Among the entries below, one line contains "Анкерный болт с" and another contains "Feel at home". Transcribe those two lines and every line between them, exactly.

_RECORDED INFORMATION_
______

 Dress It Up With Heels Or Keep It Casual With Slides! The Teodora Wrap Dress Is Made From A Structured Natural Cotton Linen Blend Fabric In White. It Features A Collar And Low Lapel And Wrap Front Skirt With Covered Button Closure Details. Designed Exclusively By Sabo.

______

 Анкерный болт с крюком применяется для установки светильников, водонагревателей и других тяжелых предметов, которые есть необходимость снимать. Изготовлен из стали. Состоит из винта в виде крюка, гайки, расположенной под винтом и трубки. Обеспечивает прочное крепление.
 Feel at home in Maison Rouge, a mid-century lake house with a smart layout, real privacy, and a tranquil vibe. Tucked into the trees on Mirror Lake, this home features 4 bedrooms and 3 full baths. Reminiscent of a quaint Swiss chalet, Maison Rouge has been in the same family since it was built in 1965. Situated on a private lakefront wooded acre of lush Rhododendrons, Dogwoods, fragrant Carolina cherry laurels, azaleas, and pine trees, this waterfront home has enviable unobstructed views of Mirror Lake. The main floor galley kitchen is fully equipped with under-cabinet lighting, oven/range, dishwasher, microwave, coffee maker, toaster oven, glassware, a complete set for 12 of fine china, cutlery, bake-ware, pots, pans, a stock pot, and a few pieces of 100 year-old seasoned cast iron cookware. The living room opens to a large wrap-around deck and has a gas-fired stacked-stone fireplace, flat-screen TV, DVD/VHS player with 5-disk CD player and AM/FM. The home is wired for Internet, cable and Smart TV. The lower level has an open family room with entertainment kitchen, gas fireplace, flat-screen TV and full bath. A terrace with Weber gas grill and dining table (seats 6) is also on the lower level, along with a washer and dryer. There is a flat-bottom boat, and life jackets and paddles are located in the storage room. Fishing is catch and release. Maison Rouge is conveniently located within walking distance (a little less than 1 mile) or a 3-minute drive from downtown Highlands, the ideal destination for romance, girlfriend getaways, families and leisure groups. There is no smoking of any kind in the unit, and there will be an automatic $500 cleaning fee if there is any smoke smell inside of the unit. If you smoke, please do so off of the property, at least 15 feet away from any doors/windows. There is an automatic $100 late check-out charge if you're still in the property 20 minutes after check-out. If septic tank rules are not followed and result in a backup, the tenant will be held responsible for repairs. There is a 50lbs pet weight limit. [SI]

______

_WRITTEN ANSWER_
 Анкерный болт с крюком применяется для установки светильников, водонагревателей и других тяжелых предметов, которые есть необходимость снимать. Изготовлен из стали. Состоит из винта в виде крюка, гайки, расположенной под винтом и трубки. Обеспечивает прочное крепление.
 Feel at home in Maison Rouge, a mid-century lake house with a smart layout, real privacy, and a tranquil vibe. Tucked into the trees on Mirror Lake, this home features 4 bedrooms and 3 full baths. Reminiscent of a quaint Swiss chalet, Maison Rouge has been in the same family since it was built in 1965. Situated on a private lakefront wooded acre of lush Rhododendrons, Dogwoods, fragrant Carolina cherry laurels, azaleas, and pine trees, this waterfront home has enviable unobstructed views of Mirror Lake. The main floor galley kitchen is fully equipped with under-cabinet lighting, oven/range, dishwasher, microwave, coffee maker, toaster oven, glassware, a complete set for 12 of fine china, cutlery, bake-ware, pots, pans, a stock pot, and a few pieces of 100 year-old seasoned cast iron cookware. The living room opens to a large wrap-around deck and has a gas-fired stacked-stone fireplace, flat-screen TV, DVD/VHS player with 5-disk CD player and AM/FM. The home is wired for Internet, cable and Smart TV. The lower level has an open family room with entertainment kitchen, gas fireplace, flat-screen TV and full bath. A terrace with Weber gas grill and dining table (seats 6) is also on the lower level, along with a washer and dryer. There is a flat-bottom boat, and life jackets and paddles are located in the storage room. Fishing is catch and release. Maison Rouge is conveniently located within walking distance (a little less than 1 mile) or a 3-minute drive from downtown Highlands, the ideal destination for romance, girlfriend getaways, families and leisure groups. There is no smoking of any kind in the unit, and there will be an automatic $500 cleaning fee if there is any smoke smell inside of the unit. If you smoke, please do so off of the property, at least 15 feet away from any doors/windows. There is an automatic $100 late check-out charge if you're still in the property 20 minutes after check-out. If septic tank rules are not followed and result in a backup, the tenant will be held responsible for repairs. There is a 50lbs pet weight limit. [SI]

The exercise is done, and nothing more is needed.